SeMRA implements the chaining and inference rules described in the SSSOM specification. The first rule is inversions:
from semra import Mapping, EXACT_MATCH, Reference
from semra.inference import infer_reversible
r1 = Reference(prefix="chebi", identifier="107635", name="2,3-diacetyloxybenzoic")
r2 = Reference(prefix="mesh", identifier="C011748", name="tosiben")
mapping = Mapping(s=r1, p=EXACT_MATCH, o=r2)
mappings = infer_reversible([mapping])
graph LR
A[2,3-diacetyloxybenzoic<br/>chebi:107635] -- skos:exactMatch --> B[tosiben<br/>mesh:C011748]
B -. "skos:exactMatch<br/>(inferred)" .-> A
The second rule is about transitivity. This means some predicates apply over chains. SeMRA further implements configuration for two-length chains and could be extended to arbitrary chains.
from semra import Reference, Mapping, EXACT_MATCH
from semra.inference import infer_chains
r1 = Reference.from_curie("mesh:C406527", name="R 115866")
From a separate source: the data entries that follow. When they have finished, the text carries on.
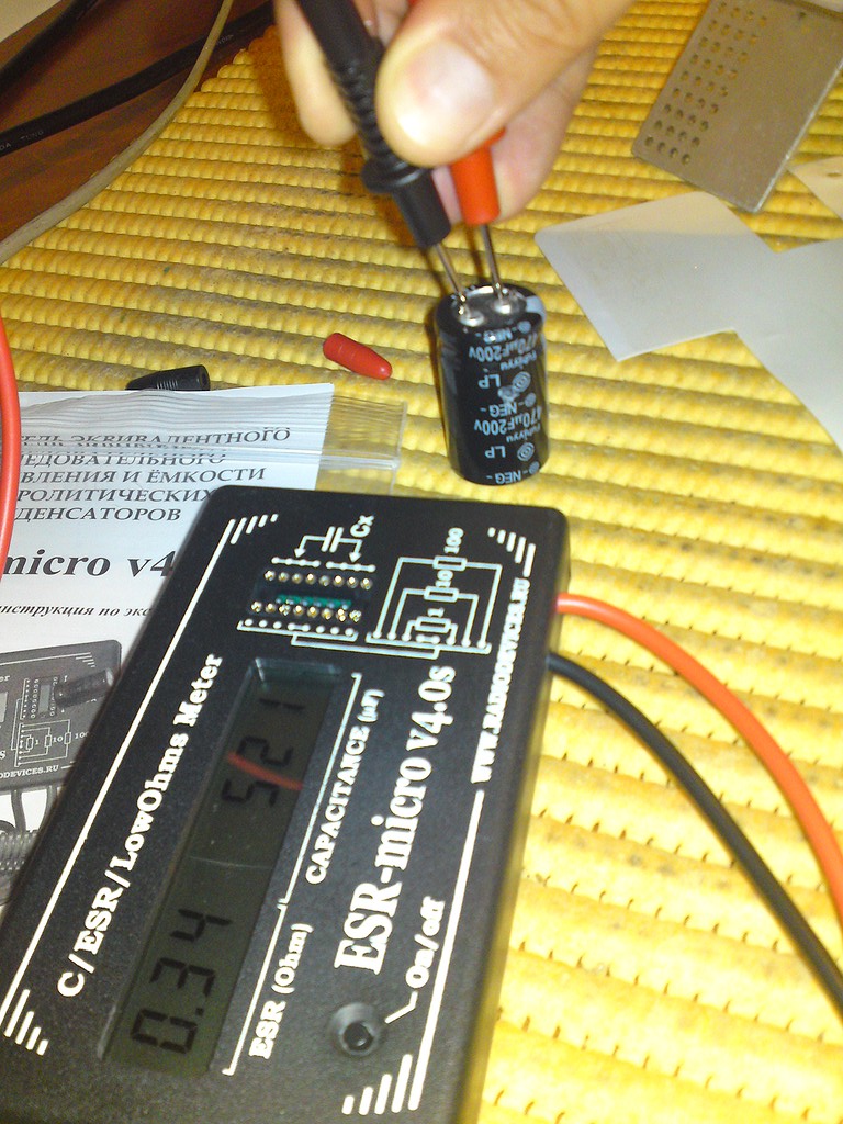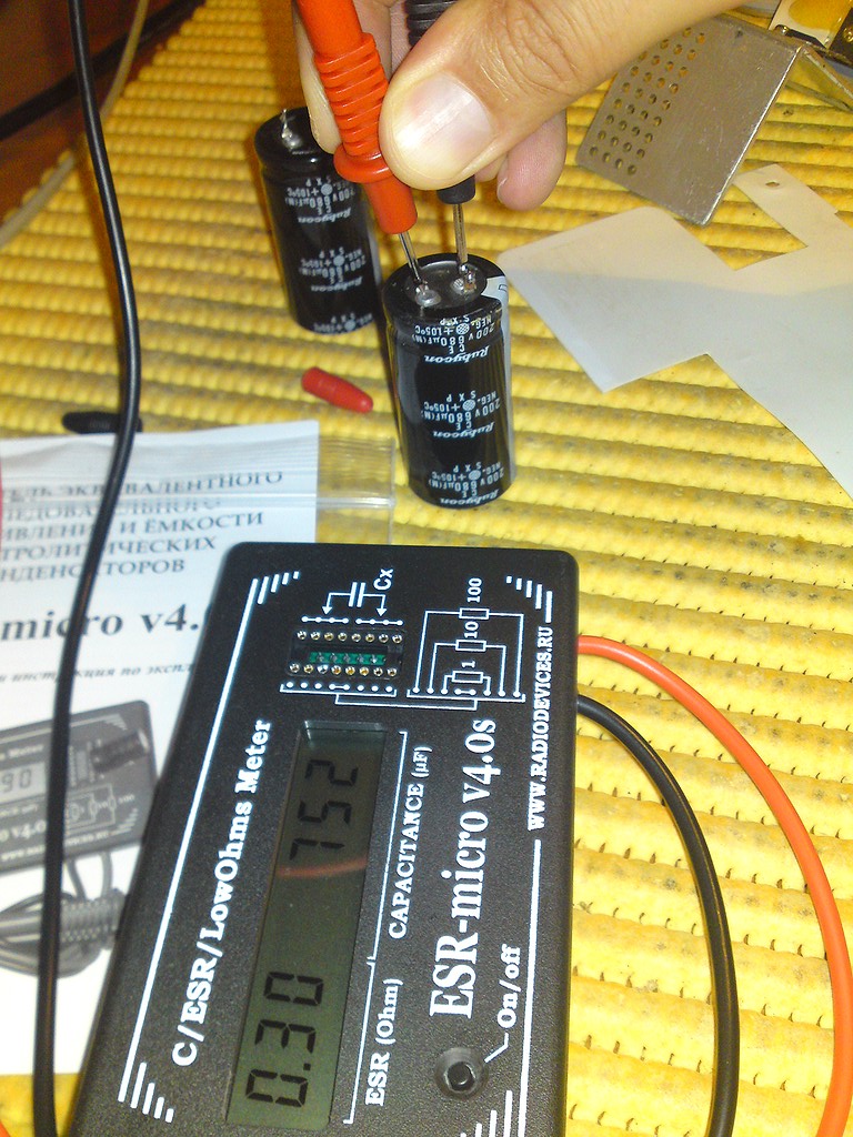 Anyway, the ESR meter does a good approximation of the ESR (it's not the actual ESR of a capacitor in the real sense of the term) and as a plus it gives a good approximation of the capacitance.
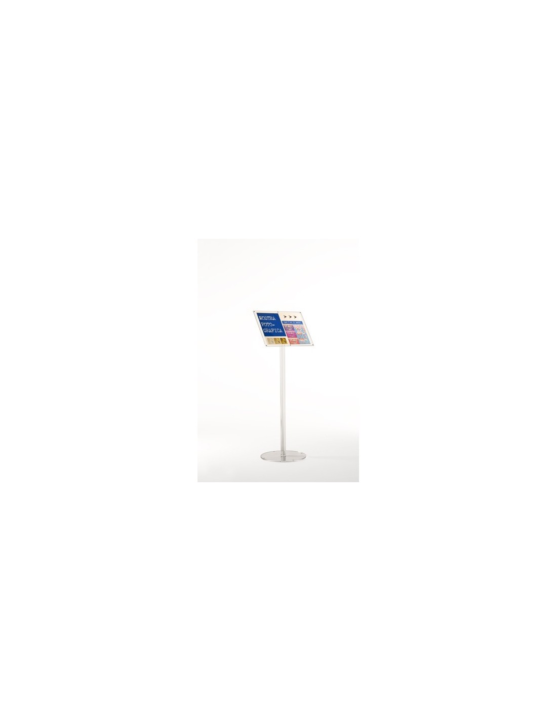 Porta comunicazioni Menu Board in acrilico su piantana, con pannello a chiusura magnetica disponibile. Formato: A4. La rotazione del pannello porta avvisi consente il posizionamento del messaggio sia in orizzontale sia in verticale. La chiusura magnetica protegge il foglio inserito, grazie ai pannelli in materiale acrilico.
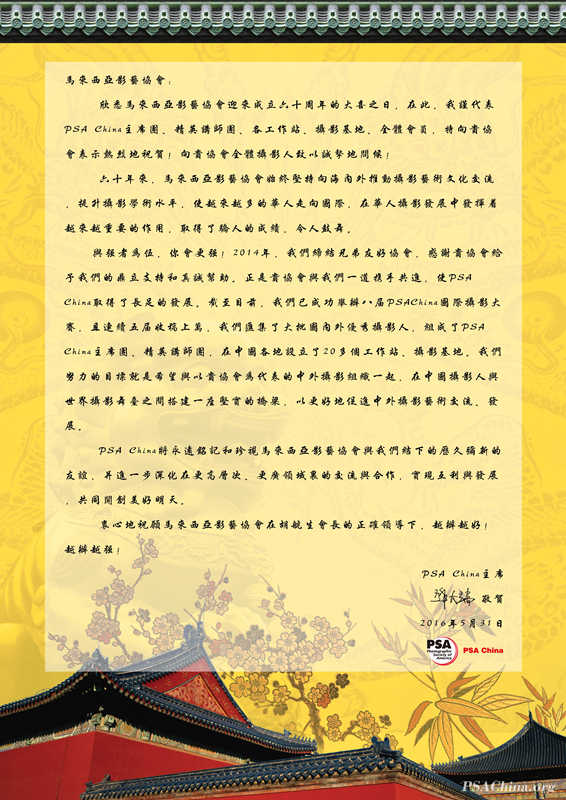 马来西亚影艺协会60华诞,PSA China主席邓大端致信祝贺时间:2016年5月31日 来源:本站原创 近日,马来西亚影艺协会(PSM)迎来成立六十周年大典。马来西亚影艺协会(简称PSM)成立于1956年,经过长期发展,已经成为马来西亚、亚洲地区乃至全世界范围内领先的摄影组织。2014年,马来西亚影艺学会与PSA China结为兄弟友好协会。会长胡航生先生被授予PSA China荣誉博学会士荣衔(Hon. FPSAC),他曾担任第五届PSA China国际摄影大赛评委,并多次来中国参加PSA China活动,与PSA China建立了深厚的友谊。值此60周年之际,PSA China主席邓大端先生致信祝贺。 附: 马来西亚影艺协会(简称:PSM)在1956年由一群非常热爱摄影的爱好者们组建,曾用名“马来西亚联邦影艺协会”。马来西亚影艺协会经过长期的发展,已经成为马来西亚、亚洲地区乃至全世界范围内领先的摄影组织。协会拥有长期并且杰出的历史,许多杰出的摄影家都是协会会员。 马来西亚影艺协会作为一个非官方组织,创立的目的旨在发展推动摄影艺术及摄影技术的进步,它也是一个提高协会会员和广大群众摄影技术的教育性组织。同时,马来西亚影艺协会也力求成为一个拉近马来西亚、亚洲乃至全世界摄影爱好者距离的平台。 马来西亚影艺协会是美国摄影学会(PSA)的团体会员成员。同时,也是国际影艺联盟(FIAP)认证的国际分支组织。
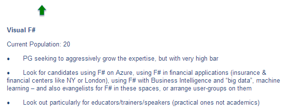 이런 시대적 흐름에 발맞춰 MS에서는 F#이라는 .NET용 함수형 언어를 개발했습니다. MS가 개발한 언어답게 Real-World에서 바로 사용할 수 있을 정도로 실용성이 강조됐습니다. 기존 .NET 프레임워크를 잘 활용할 수 있도록 구성돼 있죠. 특히나 제가 느낀 인상은 MS가 상당히 공을 들이고 있다는 점입니다. F# 배우기 페이자만 보더라도 정말 토나오죠. MVP 리드도 F# MVP를 간절하게 찾고 있는 모양이예요. 이러니 저리니 해도 일자리를 구한다는 의미라면 사실 F#이란 언어가 크게 시장성이 있지는 않을 겁니다. 그래도 배워두면 여러분의 강력한 무기 중에 하나가 될 거라는 점은 장담할 수 있을 것 같아요.
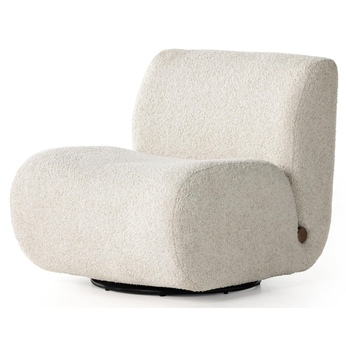 - Un elegante cuero italiano de grano superior y una tela texturizada de alto rendimiento cubren una silueta curvilínea y sin brazos, con una clavija de roble macizo que sobresale para lograr un efecto adicional.
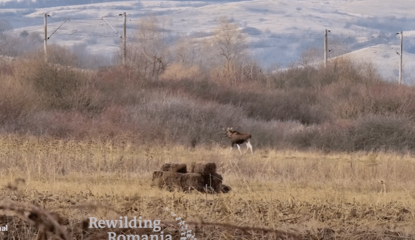 Imaginile cu elanul au fost surprinse de o echipă Rewilding Romania, care a fost mobilizată în teren pentru a verifica prezenţa speciei.
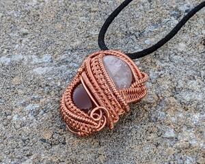 Rainbow Moonstone and Carnelian Copper wire woven pendant
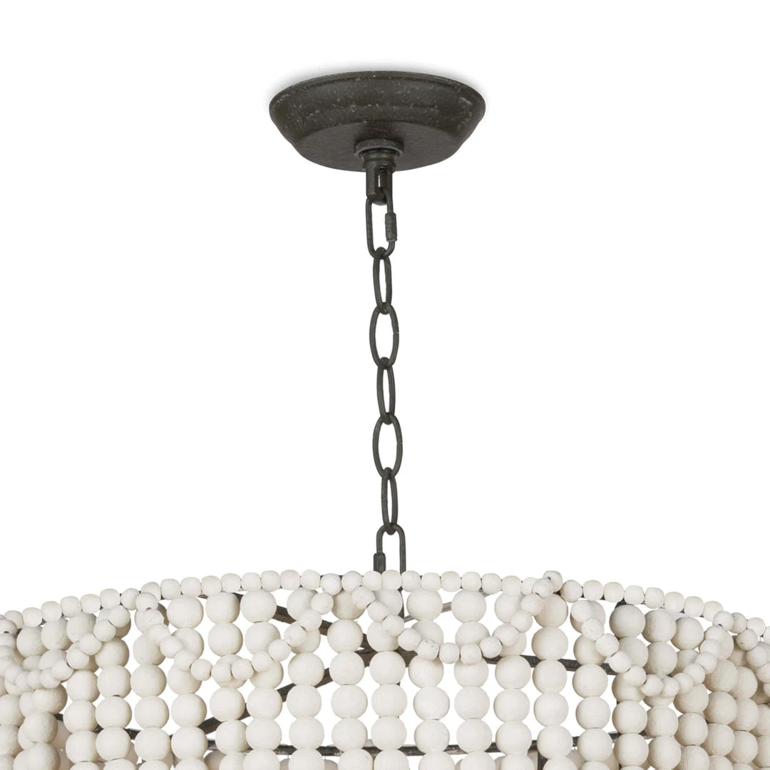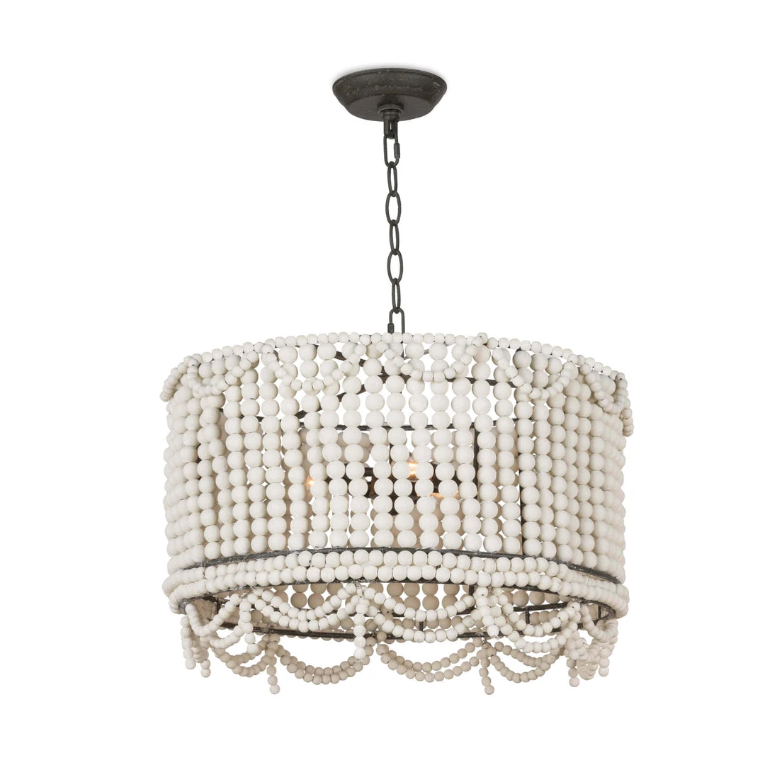 Classic style meets modern charm with this pendant. A bevy of draped wooden beads in weathered white, dresses up the steel structure, bringing out an earthy glamour to any space.
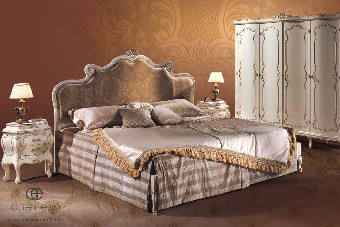 Элегантная спальня BOITO – помпезная, очаровательная, эффектная. Ее дизайн сочетает в себе элементы современности и стиля ампир. Индивидуальность коллекции придает необычная лакировка с отделкой позолотой и серебром. Мягкое фигурное изголовье кровати дополнено эффектной ручной резьбой и обивкой из дорого шелкового текстиля, украшенного изящным принтом.
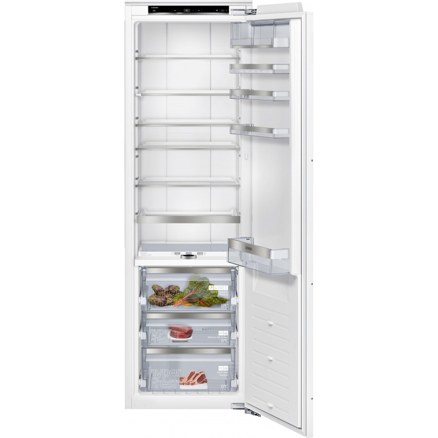 Deze Siemens KI81FPDE0 inbouw koelkast heeft een totale netto inhoud van 289 ltr. De koelkast heeft een zuinig energielabel E en een geluidsniveau van 37 dB. Energiezuinige LED verlichting verlicht de binnenzijde helder en gelijkmatig.

r2 = Reference.from_curie("chebi:101854", name="talarozole")
r3 = Reference.from_curie("chembl.compound:CHEMBL459505", name="TALAROZOLE")
m1 = Mapping(s=r1, p=EXACT_MATCH, o=r2)
m2 = Mapping(s=r2, p=EXACT_MATCH, o=r3)
mappings = infer_chains([m1, m2])
graph LR
A[R 115866<br/>mesh:C406527] -- skos:exactMatch --> B[talarozole<br/>chebi:101854]
B -- skos:exactMatch --> C[TALAROZOLE<br/>chembl.compound:CHEMBL459505]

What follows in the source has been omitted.